Thursday, November 18, 2010

Google Code vs GitHub for hosting opensource projects

Cython is now considering options where to move the main (mercurial) repository, and Robert Bradshaw (one of the main Cython developers) has asked me about my experience with regards to Google Code and GitHub, since we use both with SymPy.

Google Code is older, and it was the first service that provided free (virtually unlimited) number of projects that you could easily and immediately setup. At that time (4 years ago?) that was something unheard of. However, the GitHub guys in the meantime not only made this available too, but also implemented features, that (as far as I know) no one offers at all, in particular hosting your own pages at your own domain (but at GitHub's servers, some examples are sympy.org and docs.sympy.org), commenting on git branches and pull requests before the code gets merged in (I am 100% convinced that this is the right approach, as opposed to comment on the code after it gets in), allow to easily fork the repository and it has simply more social features, that the Google Code doesn't have.

I believe that managing an opensource project is mainly a social activity, and GitHub's social features really make so many things easier. From this point of view, GitHub is clearly the best choice today.

I think there is only one (but potentially big) problem with GitHub, that its issue tracker is very bad, compared to the Google Code one. For that reason (and also because we already use it), we keep our issues at Google Code with SymPy.

The above are the main things to consider.

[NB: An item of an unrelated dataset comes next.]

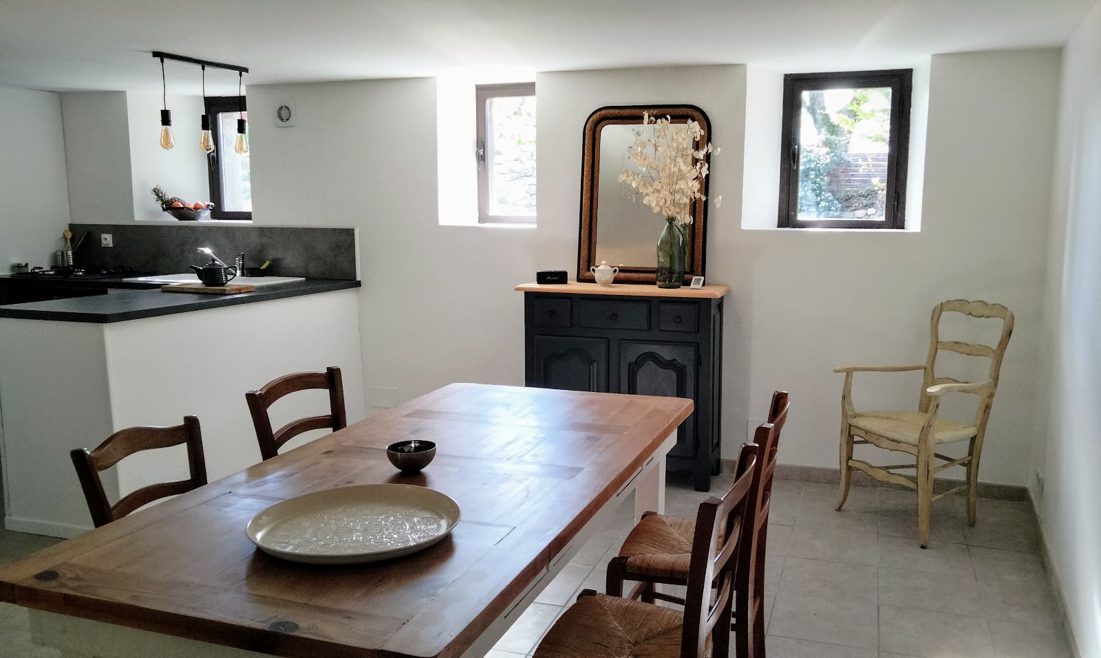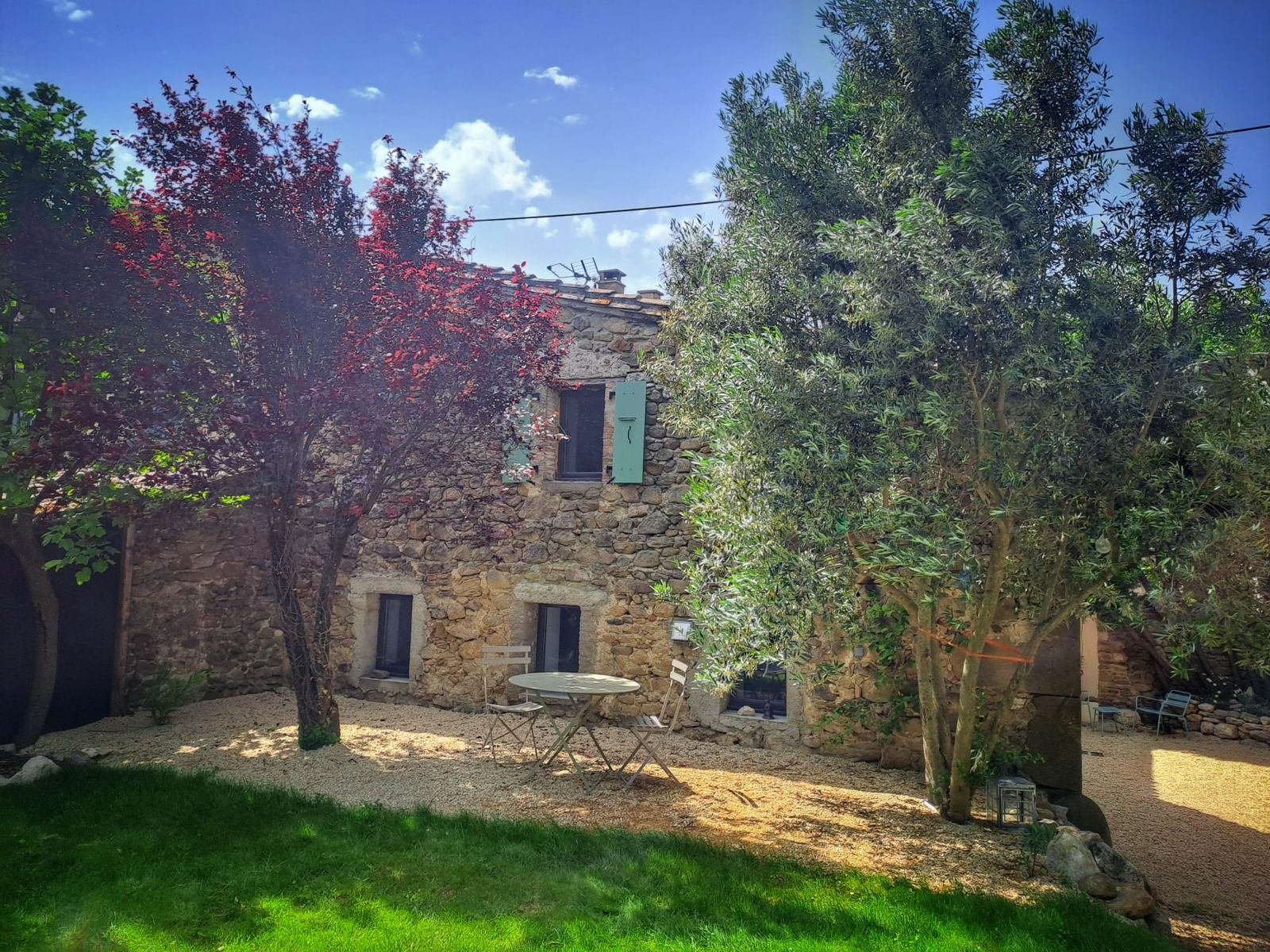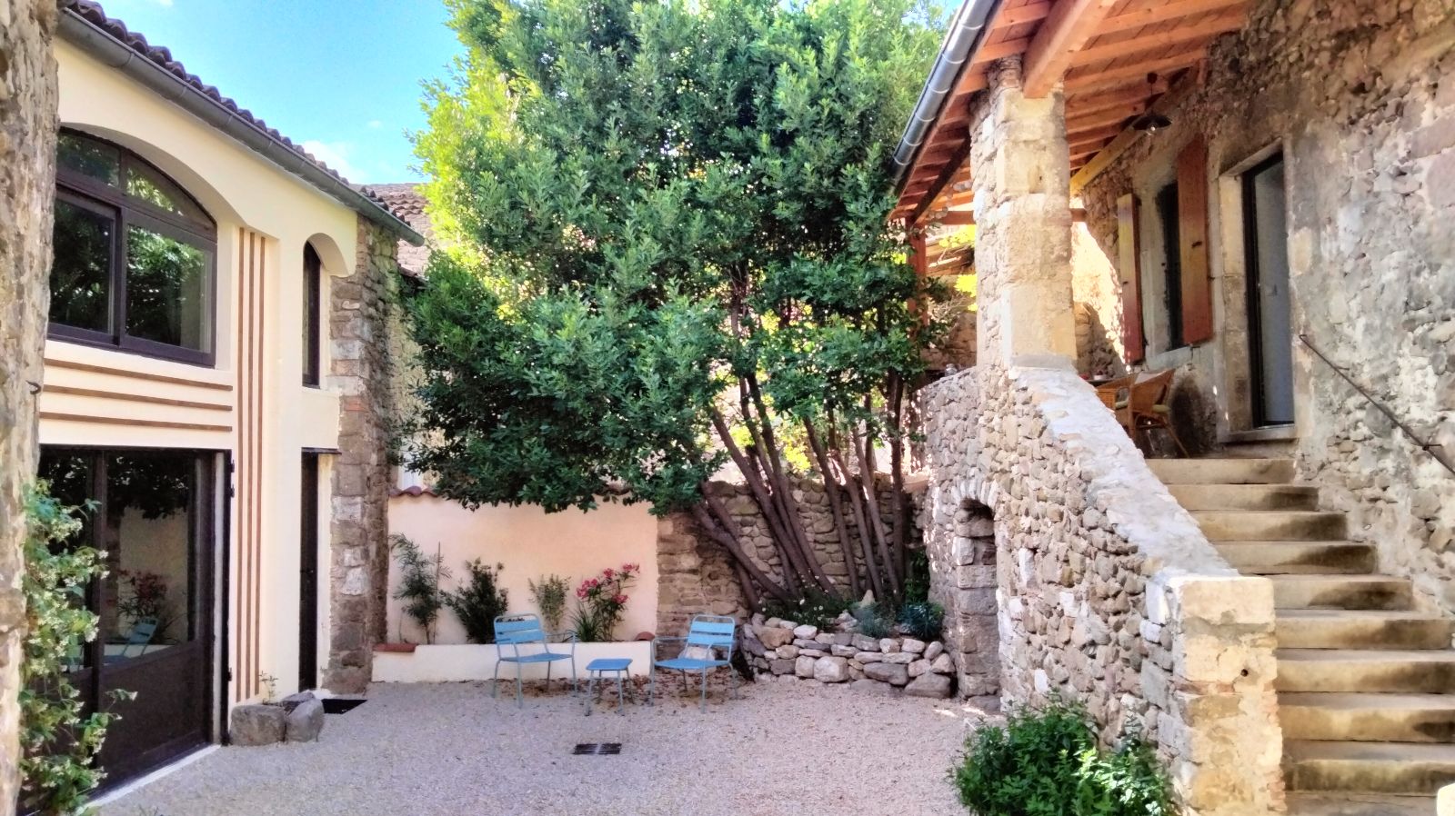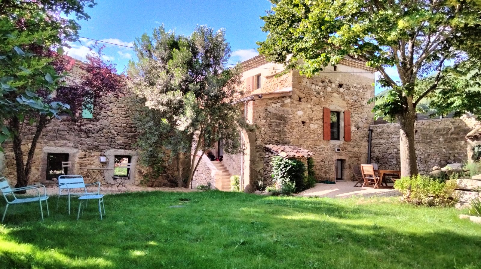2 keukens, 2 woonkamers, 5 slaapkamers en 600m2 omheind terrein met 2 schaduwrijke terrassen, waar u kunt genieten van het gezang van de krekels.
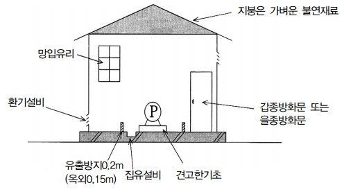 펌프를 설치하는 펌프실은 불연재료로 하고 지붕은 폭발력이 위로 방출될 정도의 가벼운 불연재료이어야 한다. 창 또는 출입구를 설치하는 경우 갑종방화문 또는 을종방화문으로 하고, 유리를 사용하는 경우에는 망입유리로 해야 한다. 바닥은 위험물이 침투하지 아니하는 구조로 하고 그 주변에 높이 20cm이상의 턱을 설치해야 한다. 또한 누설한 위험물이 외부로 유출되지 아니하도록 바닥은 적당한 경사를 두고 그 최저부에 집유설비를 설치해야 한다.

Now there are some little things to keep in mind, that I will briefly touch below: Google Code doesn't support git and blocks access from Cuba and other countries, when you want to change the front page, you need to be an admin, while at GitHub I simply add push access to all sympy developers, so anyone just pushes a patch to this repository: https://github.com/sympy/sympy.github.com, and it automatically appears on our front page (sympy.org), with Google Code we had to write long pages (in our docs) about how to send patches, with GitHub we just say, send us a pull request, and point to: http://help.github.com/pull-requests/. In other words, GitHub takes care of teaching people how to use git and figure out how to send patches, and we can concentrate on reviewing the patches and pushing them in.

Wikipages at github are maintained in git, and they provide the webfrontend to it as opensource, so there is no vendor lock-in. Anyone with github account can modify our wiki pages, while the Google Code pages can only be modified by people that I add to the Google Code project, which forced us to install mediawiki on my linode server (hosted at linode.com, which by the way is an excellent VPS hosting service, that I have been using for couple of years already and I can fully recommend it), and I had to manage it all the time, and now we are moving our pages to the github wiki, so that I have one less thing to worry about.

So as you can see, I, as admin, have less things to worry about, as github manages everything for me now, while with Google Code, I had to manage lots of things on my linodes.

One other thing to consider is that GitHub is only for git, but they also provide svn and hg access (both push and pull, they translate the repository automatically between git and svn/hg), I never really used it much, so I don't know how stable this is. As I wrote before, I think that git is the best tool now for maintaining a project, and I think that github is now the best choice to host it (except the issue tracker, where Google Code is better).